WHAT IS NEEDED: Given the records below, would you repeat exactly the lines that begin at the one containing "巴黎手工大破坏牛仔裤archive宽松舒适高街破洞拉丝做旧阔腿裤潮¥699" and end at the one containing "Wireless connection system", inclusive?

RECORDS FOR THIS TASK:
[Start of section]

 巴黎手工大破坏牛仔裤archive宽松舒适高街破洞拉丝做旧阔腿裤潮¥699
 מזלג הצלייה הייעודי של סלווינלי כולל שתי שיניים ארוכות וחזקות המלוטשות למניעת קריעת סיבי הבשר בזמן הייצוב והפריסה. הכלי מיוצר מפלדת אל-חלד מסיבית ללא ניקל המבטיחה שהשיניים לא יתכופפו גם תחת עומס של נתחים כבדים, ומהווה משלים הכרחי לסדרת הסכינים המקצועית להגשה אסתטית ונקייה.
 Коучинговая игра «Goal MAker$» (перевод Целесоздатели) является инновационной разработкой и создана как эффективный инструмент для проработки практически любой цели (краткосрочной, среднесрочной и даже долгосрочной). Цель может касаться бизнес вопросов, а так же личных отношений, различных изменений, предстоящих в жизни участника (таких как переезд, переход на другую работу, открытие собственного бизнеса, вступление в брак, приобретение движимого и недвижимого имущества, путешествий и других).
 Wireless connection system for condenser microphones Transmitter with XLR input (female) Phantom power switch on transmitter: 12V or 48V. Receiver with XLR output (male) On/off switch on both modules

[End of section]
[Start of section]

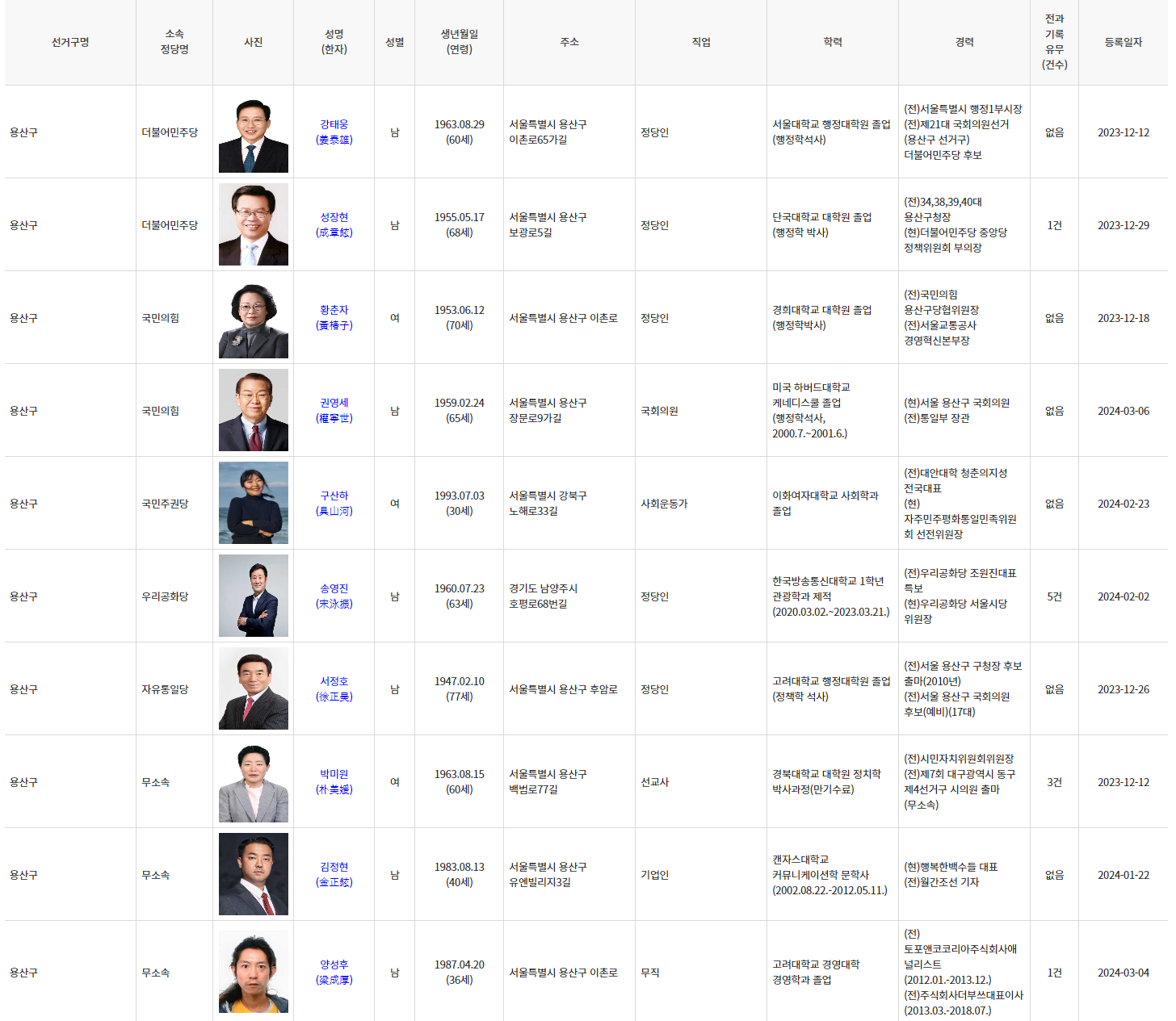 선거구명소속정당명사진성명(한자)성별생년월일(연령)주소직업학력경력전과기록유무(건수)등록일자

[End of section]
[Start of section]

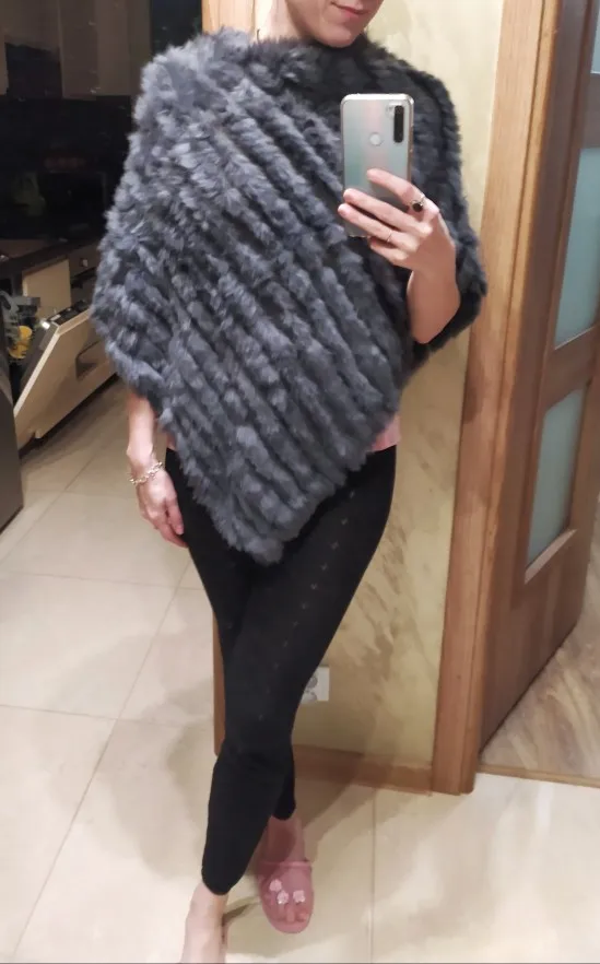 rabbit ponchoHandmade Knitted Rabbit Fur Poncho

[End of section]

RESPONSE BELOW:
 巴黎手工大破坏牛仔裤archive宽松舒适高街破洞拉丝做旧阔腿裤潮¥699
 מזלג הצלייה הייעודי של סלווינלי כולל שתי שיניים ארוכות וחזקות המלוטשות למניעת קריעת סיבי הבשר בזמן הייצוב והפריסה. הכלי מיוצר מפלדת אל-חלד מסיבית ללא ניקל המבטיחה שהשיניים לא יתכופפו גם תחת עומס של נתחים כבדים, ומהווה משלים הכרחי לסדרת הסכינים המקצועית להגשה אסתטית ונקייה.
 Коучинговая игра «Goal MAker$» (перевод Целесоздатели) является инновационной разработкой и создана как эффективный инструмент для проработки практически любой цели (краткосрочной, среднесрочной и даже долгосрочной). Цель может касаться бизнес вопросов, а так же личных отношений, различных изменений, предстоящих в жизни участника (таких как переезд, переход на другую работу, открытие собственного бизнеса, вступление в брак, приобретение движимого и недвижимого имущества, путешествий и других).
 Wireless connection system for condenser microphones Transmitter with XLR input (female) Phantom power switch on transmitter: 12V or 48V. Receiver with XLR output (male) On/off switch on both modules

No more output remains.